Start of Supplied material

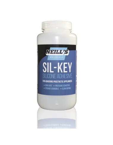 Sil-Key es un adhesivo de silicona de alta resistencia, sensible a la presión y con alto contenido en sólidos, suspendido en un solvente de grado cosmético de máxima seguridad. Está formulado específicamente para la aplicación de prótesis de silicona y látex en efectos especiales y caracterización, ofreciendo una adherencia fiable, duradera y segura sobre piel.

End of Supplied material
Start of Supplied material

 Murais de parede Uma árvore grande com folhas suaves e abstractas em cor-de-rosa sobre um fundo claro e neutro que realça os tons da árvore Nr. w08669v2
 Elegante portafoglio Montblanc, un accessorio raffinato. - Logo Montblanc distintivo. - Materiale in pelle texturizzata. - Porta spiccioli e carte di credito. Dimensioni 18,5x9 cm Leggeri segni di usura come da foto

End of Supplied material

From the records above, quote only the lines running from the line with "Murais de parede" to the line with "Elegante portafoglio Montblanc, un", both lines included.

 Murais de parede Uma árvore grande com folhas suaves e abstractas em cor-de-rosa sobre um fundo claro e neutro que realça os tons da árvore Nr. w08669v2
 Elegante portafoglio Montblanc, un accessorio raffinato. - Logo Montblanc distintivo. - Materiale in pelle texturizzata. - Porta spiccioli e carte di credito. Dimensioni 18,5x9 cm Leggeri segni di usura come da foto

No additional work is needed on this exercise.